Morning, readers. Hope you have something fun planned for the weekend—drinking beer at SAVOR or some other libatious activity. (And yes, I realize libatious is an iffy word at best, but seriously, it should be upgraded to full-fledged legitimacy.)

Who’s afraid of the big bad Tea Party? Not Harry Reid (D-Nev.). According to a Daily Kos/Research 2000 poll released yesterday, the Senate Majority Leader is ahead of his Tea Party and GOP challengers in advance of November’s general elections. In recent months Reid had been considered an underdog in his quest for a fifth term in the Senate.

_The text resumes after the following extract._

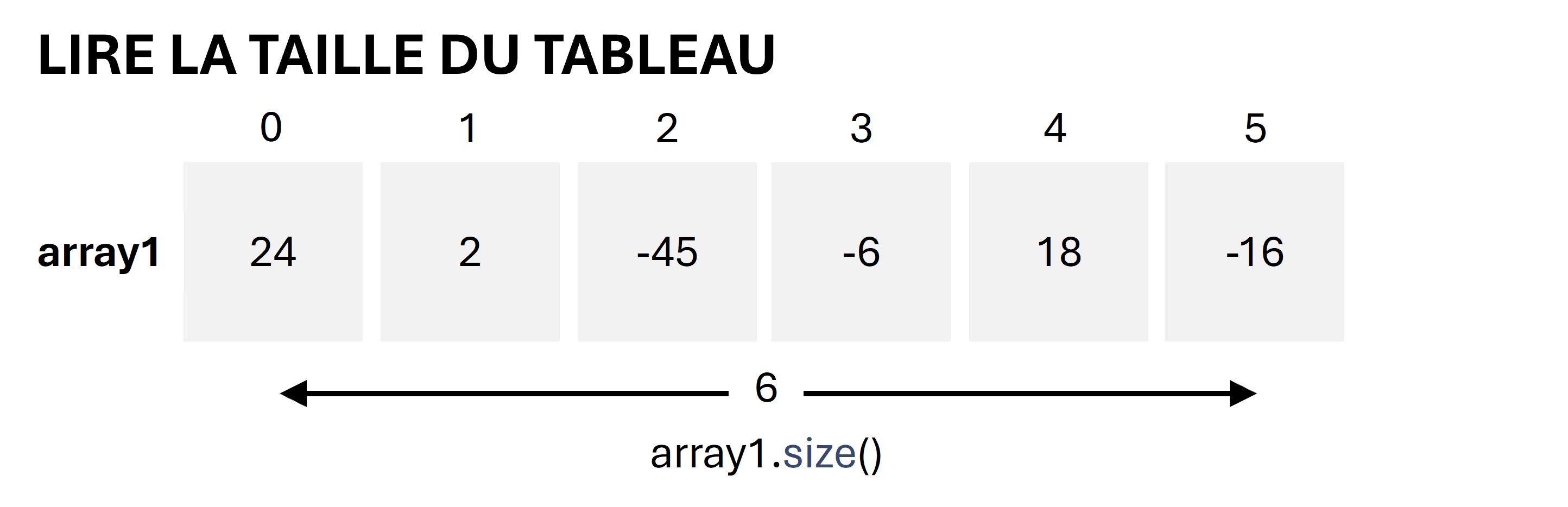 - Créer une variable \(myArraySize\) et lui affecter la taille du tableau \(myArray\)

Vanity Fair’s got a scathing profile of Sally Quinn, formerly of that other paper in Washington. In sum: she’s a social-climbing, husband-stealing, self-important she-wolf who used the power of the pen to air her dirty laundry and rip presidents she didn’t feel were sufficiently receptive to her overtures. The nerve of these interlopers, failing to express gratitude when the doyenne of the Washington establishment offers to show them the ropes.

That woman you saw covered in black shit outside the White House the other day? It was Q’orianka Kilcher, best known for playing Pocahontas in ‘The New Word’ and presently in “Princess Kaiulani,” playing the title role. Getting arrested for staging a protest is one way to promote your movie.

Women, rejoice: Today in 1919, we gained the right to vote, with the passage of the 19th Constitutional Amendment. Three women were among the recipients of the first Pulitzer Prizes awarded, in 1917. Also on June 4, the People’s Libration Army violently ended the month-and-a-half long Tiananmen Square protests in Beijing in 1989. And speaking of Communists, Massachusetts became the first state in the Union to set a minimum wage.